This is a strong skill description that clearly articulates specific capabilities (multiple testing frameworks, test types, and methodologies) and provides explicit trigger guidance with a 'Use when...' clause. The trigger terms are natural and comprehensive, covering both framework names and testing concepts. The only minor weakness is the broad scope which could potentially overlap with more specialized testing skills.
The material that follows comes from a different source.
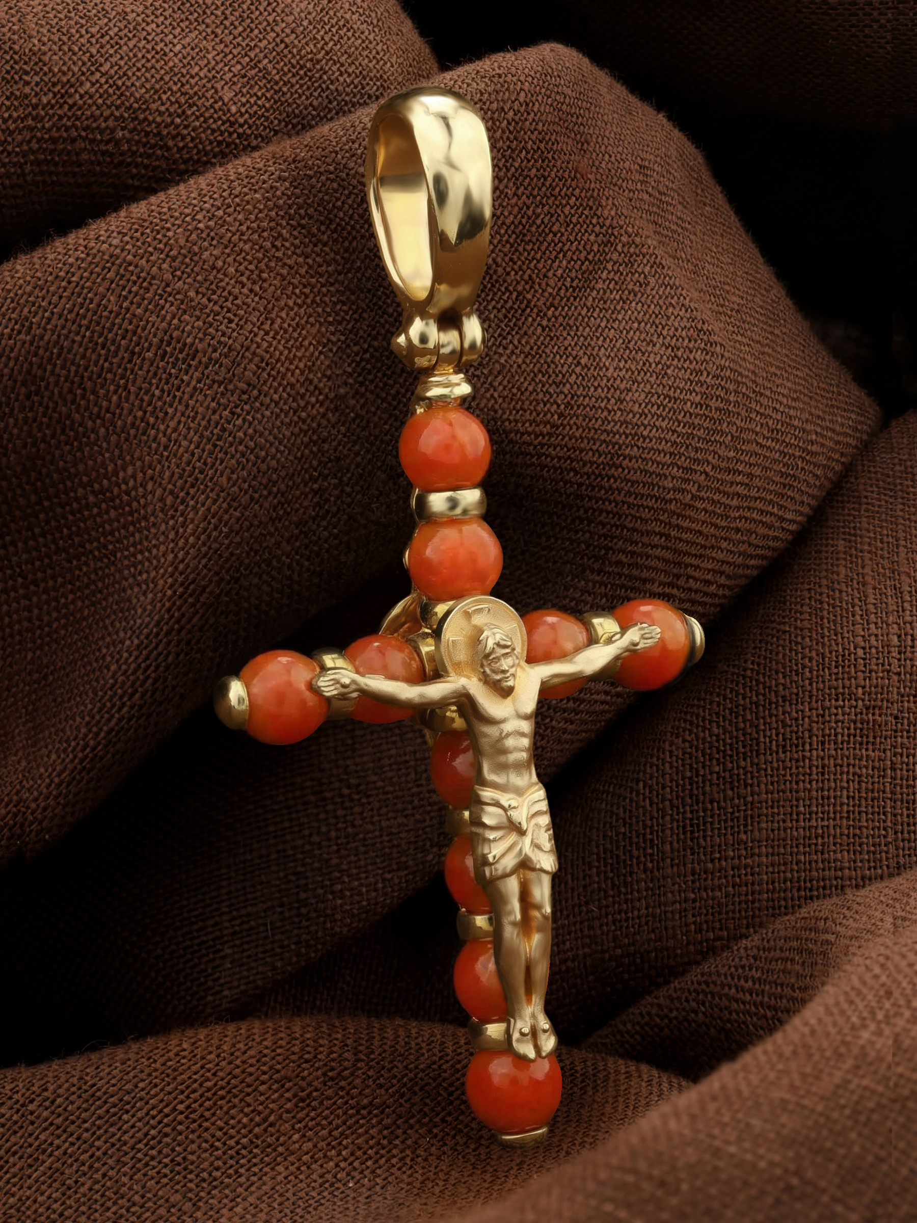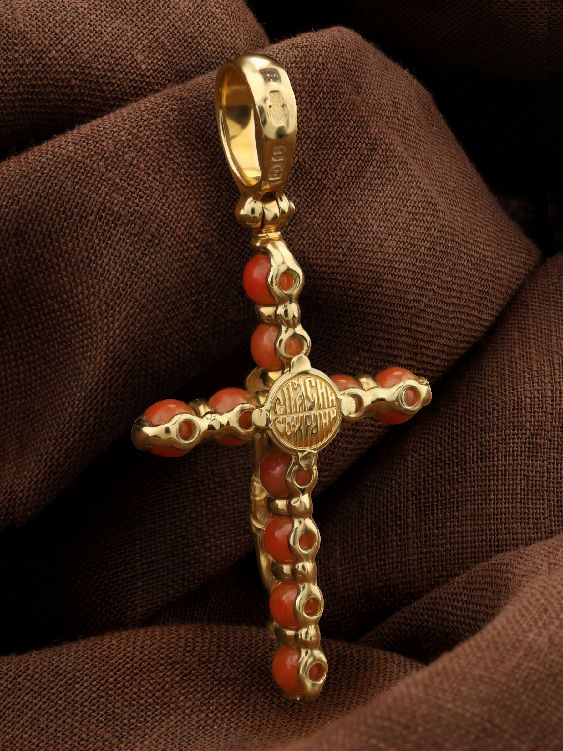 Крест из лимонного золота c кораллом

| Dimension | Reasoning | Score |
|---|---|---|
Specificity | Lists multiple specific concrete actions and tools: 'Jest, Vitest, and Testing Library for unit tests, integration tests, and end-to-end testing with mocking, fixtures, and test-driven development.' This covers specific frameworks, test types, and techniques. | 3 / 3 |
Completeness | Clearly answers both 'what' (implement testing strategies using specific frameworks for various test types with mocking, fixtures, and TDD) and 'when' (explicit 'Use when writing JavaScript/TypeScript tests, setting up test infrastructure, or implementing TDD/BDD workflows'). | 3 / 3 |
Trigger Term Quality | Includes strong natural keywords users would say: 'Jest', 'Vitest', 'Testing Library', 'unit tests', 'integration tests', 'end-to-end testing', 'mocking', 'fixtures', 'TDD', 'BDD', 'JavaScript/TypeScript tests', 'test infrastructure'. These cover a wide range of terms a developer would naturally use. | 3 / 3 |
Distinctiveness Conflict Risk | While it specifies JavaScript/TypeScript testing frameworks clearly, the broad scope ('comprehensive testing strategies') and terms like 'end-to-end testing' could overlap with skills focused on Cypress, Playwright, or other E2E-specific tools. The mention of specific frameworks (Jest, Vitest) helps but the breadth introduces some conflict risk. | 2 / 3 |
Total | 11 / 12 Passed |
Implementation
42%Reviews the quality of instructions and guidance provided to agents. Good implementation is clear, handles edge cases, and produces reliable results.
The skill provides highly actionable, executable code examples covering a broad range of JavaScript testing patterns, which is its primary strength. However, it is severely over-long and verbose, explaining many patterns Claude already knows (basic unit tests, simple CRUD operations, trivial hooks). The monolithic structure with no progressive disclosure makes it a poor fit for a SKILL.md that should be a concise overview pointing to detailed references.
Suggestions
Reduce the SKILL.md to a concise overview (~100 lines) covering framework setup, key patterns summary, and critical gotchas, then split detailed patterns into separate referenced files (e.g., MOCKING_PATTERNS.md, INTEGRATION_TESTING.md, FRONTEND_TESTING.md).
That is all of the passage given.